- Rajound City Location in Haryana, India Rajound City Rajound City (India)
- Coordinates: 29°34′35″N 76°28′56″E﻿ / ﻿29.57639°N 76.48222°E
- Country: India
- State: Haryana
- District: Kaithal
- Time zone: UTC+5:30 (IST)
- PIN: 136044
- Telephone code: 01746
- Lok Sabha constituency: Kurukshetra

= Rajound =

Rajound is a city in Kaithal District of Haryana State in India.

This is an administrative block and sub-tehsil. Its population according to 2001 census is 15,335. Its male population is 8,147, and its female population is 7,188. Rajound is located on State Highway no. 11 at Kaithal-Assandh section. Frequent bus service at every 10 minutes from Kaithal to Rajound is available. The land around Rajound is fertile and well irrigated by canal water and tubewells, it is a major producer of wheat and rice.

Historical places in Rajound includes:

- Makhdum Peer and Raju Peer, on Rajound to Mandhwal Road
- Sultan Peer on Kotra Road
- Baba Bahadurban Mandir, in the middle of the village
- Shiv Mandir, near Baba Bahadurban Mandir
- Jahar Vir Goga Peer, on Kaithal Road
- Devi Mandir, near the general hospital and main bazaar

Places for education and other facilities:

- Govt.
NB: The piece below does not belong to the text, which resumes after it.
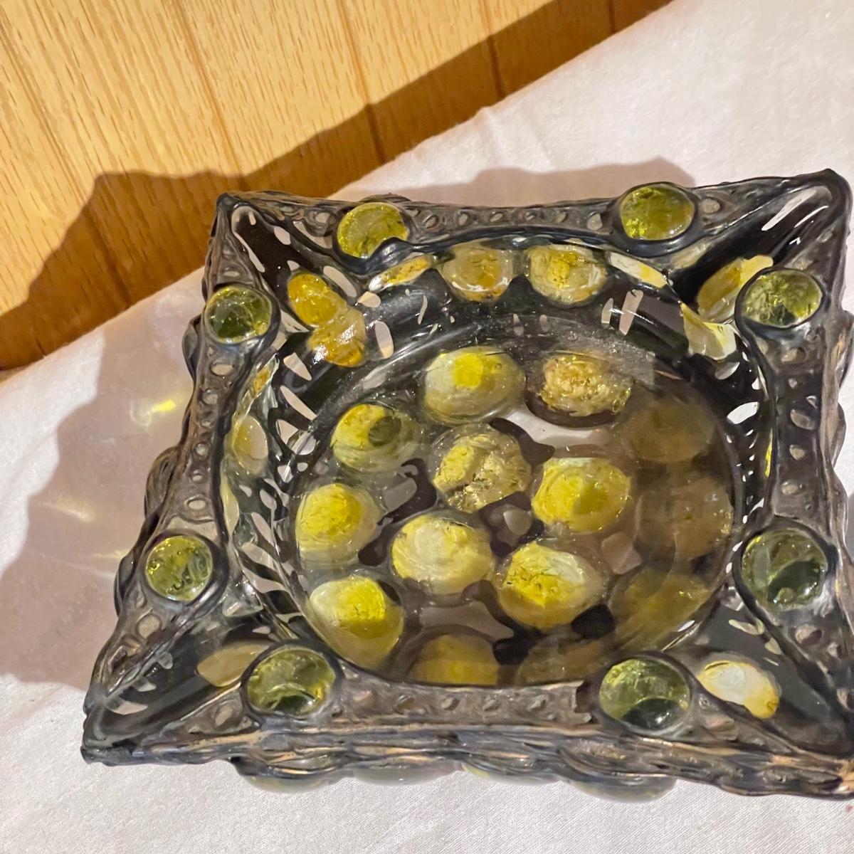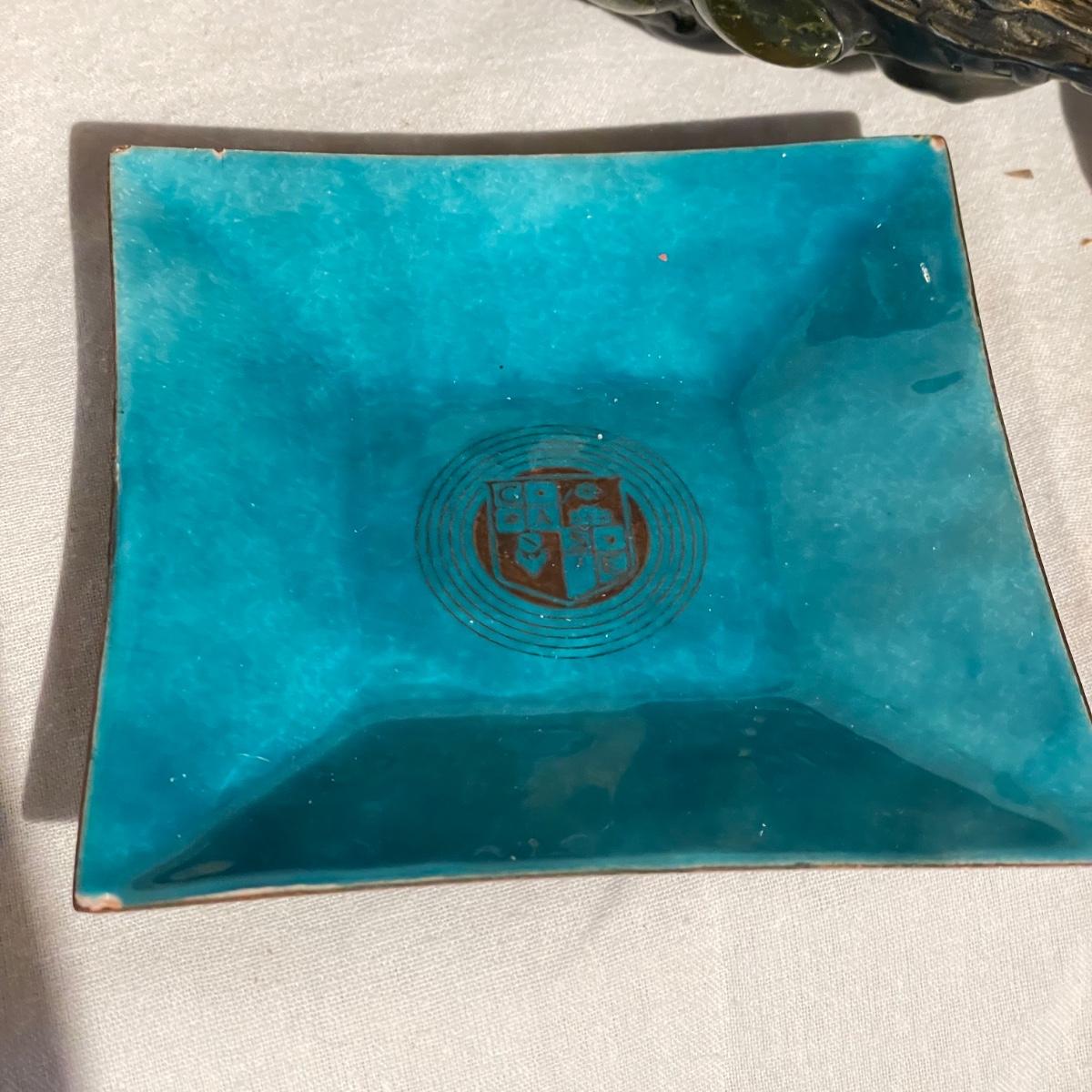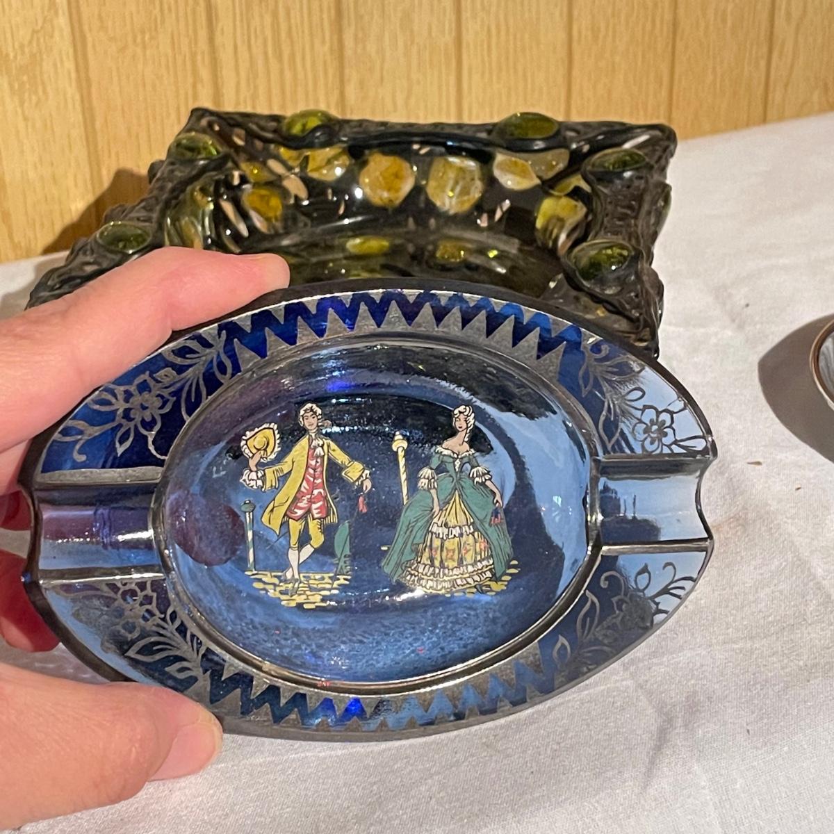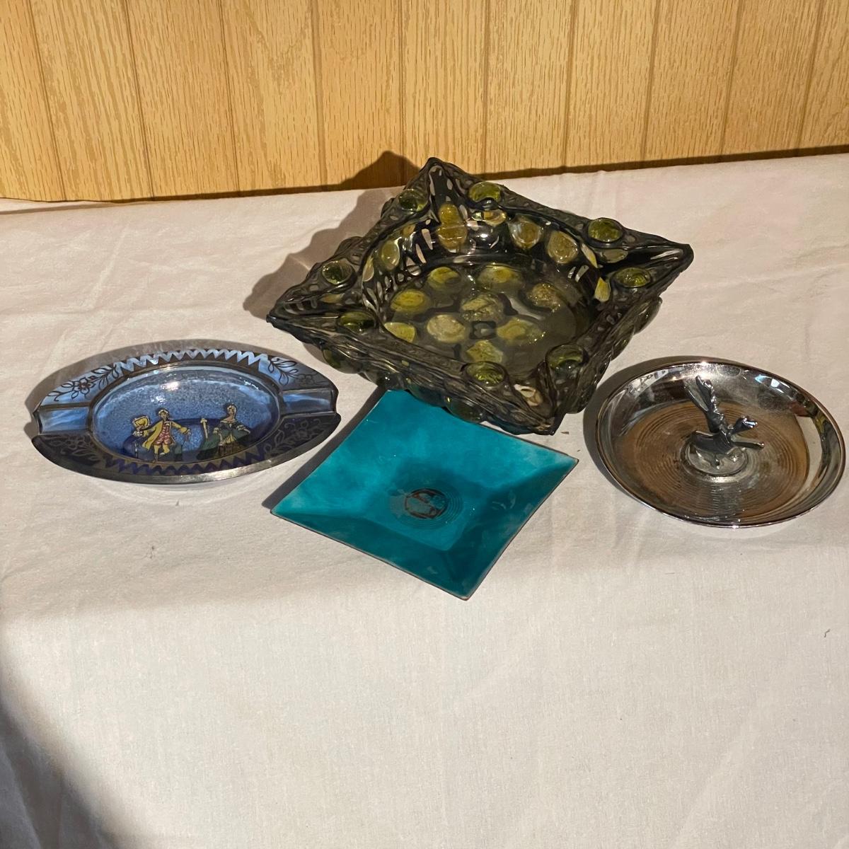 Lot features a heavy, large 6”sq lime green glass bead ashtray. The beads have been soldered to the astray with metal. A 3.75” sq teal enamel tray with a shield displaying the letters CASE, a clear blue Victorian painted ashtray plus a silver colored metal tray with two laughing hippos. See images. Shipping available.
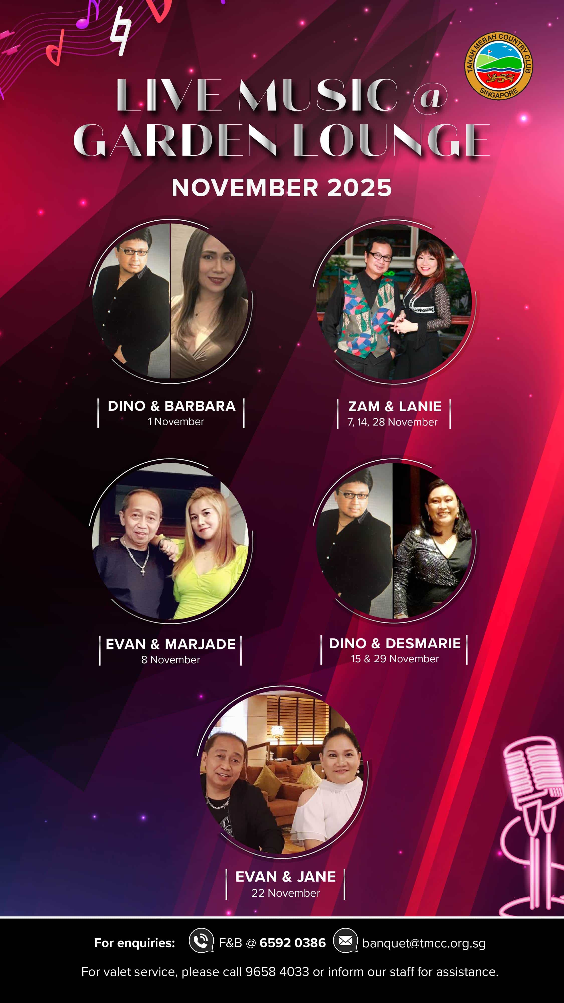 Entry fee of $21.80 (inclusive of prevailing GST) will be charged for Members’ guests visiting the Garden Lounge. This fee applies only on Friday and Saturday nights with live music performances

Schools - Govt Boys Sr. Sec. School, Govt Girls Sr. Sec. School, Govt. Pr. School
- Private Schools - Gold Life School, M.D. Sr. Sec. School, Birla open minds international school, Gian Deep Sr. Sec. School, S.P.N. School, S.D.M. School,
- College & Other Institutes - Govt P.G. girls college (Proposed), Govt I.T.I., Savitri Devi Memorial group of colleges for Pharmacy and Education, S.P.N. private I.T.I., M.D. college.
- Shehnai Garden Marriage Palace Jind Road, Sona Palace Kaithal Road, Punjabi Palace Kithana Road
- Libraries-Study Space Library, Pundri road
Government offices and facilities:
- Block Education Office
- Sub Magistrate Office
- Post office
- Police Station
- Municipal Committee office
- ABRC office
- Govt Hospital
- Govt Veterinary Hospital
- Patwarkhana
- 32 KV Substation
- Bus Stand

==Notable people==

- Manoj Kumar, an Olympian, Arjuna awardee, and the world's 6th ranked boxer from Rajound.